Custom radio on demand
Adolfo Recio and the RapidRadio framework
Researchers in ECE’s Configurable Computing Laboratory have developed a RapidRadio framework that helps a user configure a radio receiver on the fly, based on a set of signal characteristics. The framework has potential for applications that must classify transmitters with unknown modulation types, such as cognitive radios trying to avoid interference, or signal intelligence users attempting to become silent third-party “listeners.”
RapidRadio divides the radio creation into two phases: the analysis phase and the synthesis phase, according to Adolfo Recio, a Ph.D. student who developed the system with Jorge Suris (Ph.D. ’09) and Peter Athanas. “The framework guides the user through the process of determining the modulation type of an unknown signal, and then builds an FPGA-based receiver capable of demodulating that signal,” he explained. “The user needs only to be concerned with some of the signal analysis activities, and the framework will automatically identify the parameters of the physical link layer and build a receiver for it in a short time.”
The system, Recio emphasized, allows a “human in the loop.” The operator reviews the framework’s decisions and “if the user sees something obviously wrong, he or she can override that decision and have the framework do something else, or augment the modulation scheme database,” he said.
FPGAs are excellent candidates for receivers, but because of their complexity, designers have traditionally used them to implement only what is absolutely necessary and resorted to high-end processors for important parts of the signal processing, he said. “Off-loading the signal processing tasks from the processor permits a better workload distribution and enhances the overall performance.”
RapidRadio can abstract away most of the system architecture because of its radio component database and the use of a platform-independent XML-based radio description file. “A goal of the RapidRadio framework is to reduce the amount of FPGA knowledge necessary to create a system.” Preliminary tests were successful, transmitting and receiving signals using the BPSK, QPSK, 16QAM, and 32QAM modulation schemes, which encode 1, 2, 4, and 5 bits of data into a single radio symbol.
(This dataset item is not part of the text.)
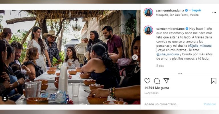 Hace un año que nos casamos y nada me hace más feliz que estar a tu lado. A través de la comida es que se enamora a las personas y mi chulita cayó en mis brazos. Te amo y brindo por más años de amor y platillos nuevos a tú lado”, escribió la potosina.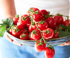 tomater med en meget fin, aromatisk smag. Tomaterne får lov til at modne helt på planten, i nden de håndplukkes røde, sorteres og lægges direkte i salgsbakken.

The framework successfully validated the signal constellation, reprogrammed the FPGAs appropriately, and properly resynchronized and received the transmitted symbols.
The team is building an Internet-controllable LEGO robot that carries an electromagnetically reflective foil shield to test the system’s ability to deal with channel attenuation and multipath. The project was supported by Harris Corp. and earned a Best Paper Award at the 2009 International Conference on ReConFigurable Computing and FPGAs.